Provincial police say more than half of the motorcyclists who died on OPP-patrolled roads last year were killed through no fault of their own.

According to a new OPP report, 27 motorcyclists and four passengers died in 2015 – 17 of those riders were driving properly when they were involved in a fatal crash.

This is the first time police say they have seen this in the last 10 years.

The report, which was issued on Monday, examines the 267 motorcycle fatalities that took place between 2006 and 2015.

Loss of control contributed to 33 of those fatalities, while speed contributed to 30 and failing to yield caused 28 deaths.

“While these causal factors can be attributed to either the motorcyclist or the driver(s) of other vehicle(s) involved in the collision, the bottom line is that motorcyclists and other drivers need to do a better job of sharing the road safely,” the report states.

The report also examines the 167 off-road vehicle deaths that have taken place in the last 10 years.

In 74 of those deaths, police found the riders were not wearing helmets at the time of the crash.
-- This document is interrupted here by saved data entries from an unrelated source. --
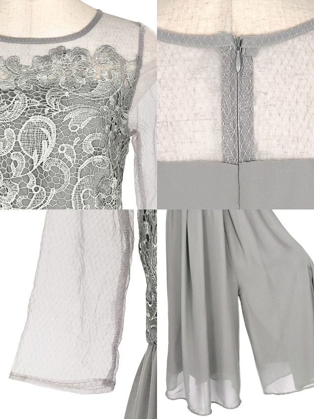 リーフ柄ラッセルレース七分袖ドレープギャザーシフォンパンツパーティードレスのイメージ画像3
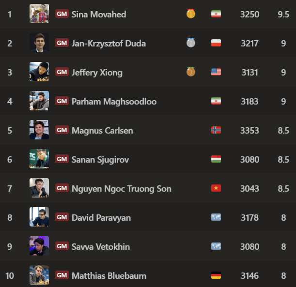 That win brought Movahed to 9.5 points, and even a final round loss against GM Parham Maghsoodloo didn’t allow anyone to catch up to him. Duda recovered from his loss to Movahed and finished second with nine points, edging out third place, GM Jeffery Xiong, on tiebreaks. The top woman’s prize went to FM Rose Atwell with six points.
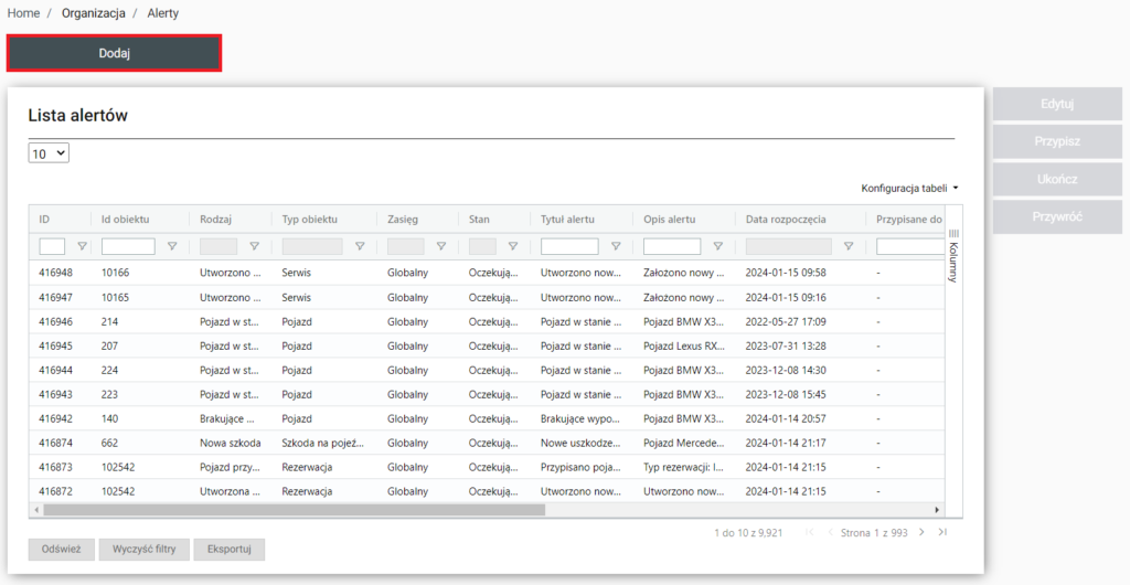 Nad listą znajduje się opcja dodania nowego alertu po jej wybraniu zostaniemy przeniesieni do Home / Organizacja / Alerty / Dodawanie.
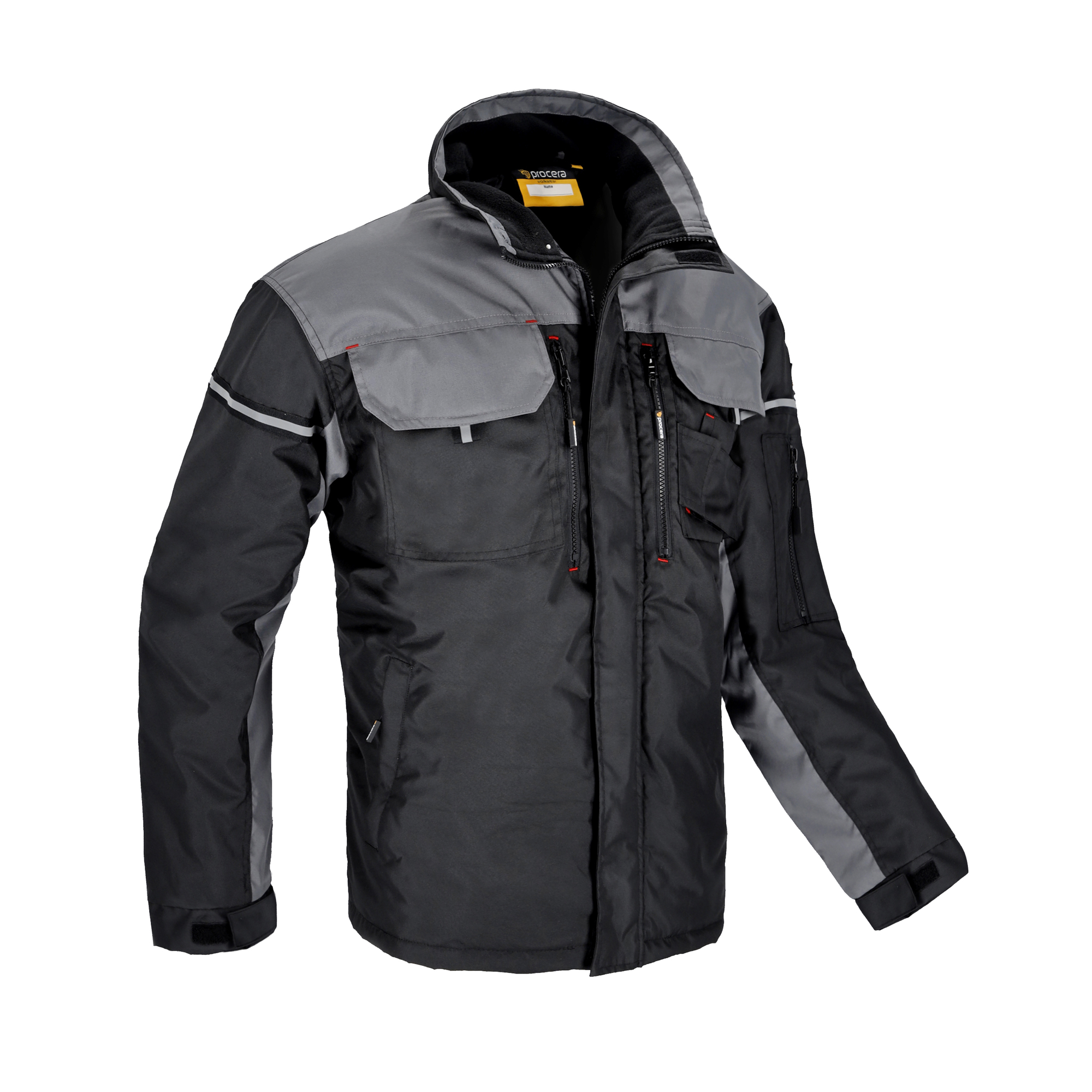 Kurtka ocieplana z poliestrową podszewką oraz warstwą zewnętrzną wykonaną w 100% z impregnowanego poliestru. Zasuwana na zamek błyskawiczny osłonięty listwą na rzepy. Posiada pięć kieszeni na klatce piersiowej – w tym dwie osłonięte klapami na rzep, dwie zasuwane na zamek błyskawiczny oraz kieszeń na akcesoria, dwie kieszenie dolne zapinane na suwak, a także kieszeń od strony wewnętrznej oraz wygodną kieszeń na rękawie zapinaną na suwak. Rękawy z regulacją na rzep. Stójka kołnierza wypodszewkowana polarem dla większego komfortu. Kolor: czarny/szary. Rozmiary: S- XXXL.
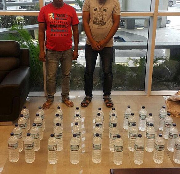 ضبط هندي و سيلاني و بحوزتهم 36 بطل ماء الروضتين كبير وبداخله ماده يشتبه بها مادة مسكرة
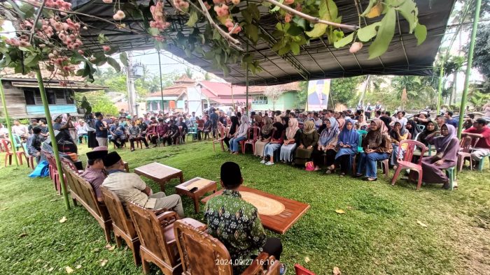 SIDAKPOST.ID, TEBO – Pasangan Calon Bupati dan Wakil Bupati Tebo Nomor Urut 2, Agus Rubyanto, SE, MM dan Nazar Efendi, SE, M.Si disambut hangat oleh masyarakat Betung Bedarah Timur dan Betung Bedarah Barat saat melakukan tatap muka dan pengukuhan Tim Pemenangan di Desa Betung Bedarah Timur, Kecamatan Tebo Ilir

At the same time, the report identifies that riders were ejected from the vehicle in 154 of those incidents.

“The OPP remains concerned about the significant number of off-roaders who may falsely believe they can survive serious head trauma better than those who are ejected from other types of motorized vehicles,” the report states.

Police say more than two dozen of the deceased were teenagers or were even younger.

“These tragic, preventable deaths speak to the importance of all ORV users respecting the law and setting excellent examples for children who are being introduced to off-roading, whether as a new rider or a passenger.”

With the Victoria Day long weekend fast approaching, the OPP is appealing to the public to be mindful when on and off the roads.